In no case (i) is the indemnification provided by an indemnifying party to be deemed to
protect against any liability the indemnified party would otherwise be subject to by reason
of willful misfeasance, bad faith or gross negligence in the performance of its duties or by
reason of its reckless disregard of its obligations and duties under this Agreement, or (ii) is
the indemnifying party to be liable under this Section with respect to any claim made
against any indemnified party unless the indemnified party notifies the indemnifying party
in writing of the claim within a reasonable time after the summons or other first written
notification giving information of the nature of the claim shall have been served upon the
indemnified party (or after the indemnified party shall have received notice of service on
any designated agent).
Failure to notify the indemnifying party of any claim shall not relieve the indemnifying
party from any liability that it may have to the indemnified party against whom such action
is brought, on account of this Section, unless failure or delay to so notify the indemnifying
party prejudices the indemnifying party’s ability to defend against such claim.

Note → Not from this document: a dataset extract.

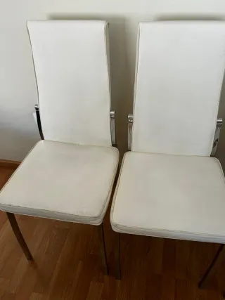 Conjunto de cuatro sillas para cocina o comedor. Su diseño moderno se adapta a diferentes estilos. - Estructura de metal. - Asiento tapizados en piel blanca. -Comodas -Regalo de colchonetas #silla #cocina #hogar #comodas #venta
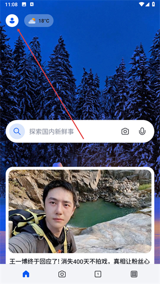 1、打开微软必应app主界面,点击左上角的个人图标进入个人功能页面。

The
indemnifying party shall be entitled to participate at its own expense in the defense or, if it
so elects, to assume the defense of any suit brought to enforce the claim, but if the
indemnifying party elects to assume the defense, the defense shall be conducted by counsel
chosen by it and satisfactory to the indemnified party. In the event that indemnifying party
elects to assume the defense of any suit and retain counsel, the indemnified party shall bear
the fees and expenses of any additional counsel retained by them. If the indemnifying party
does not elect to assume the defense of any suit, it will reimburse the indemnified party for
the reasonable fees and expenses of any counsel retained by them. The indemnifying party
agrees to notify the indemnified party promptly of the commencement of any litigation or
proceedings against it or any of its officers or directors in connection with the purchase or
redemption of any of the Creation Units or the Shares.
(c)No indemnified party shall settle any claim against it for which it intends to
seek indemnification from the indemnifying party, under the terms of section 6(a) or 6(b)
above, without prior written notice to and consent from the indemnifying party, which
consent shall not be unreasonably withheld. No indemnified or indemnifying party shall
settle any claim unless the settlement contains a full release of liability with respect to the
other party in respect of such action. This section 6 shall survive the termination of this
Agreement.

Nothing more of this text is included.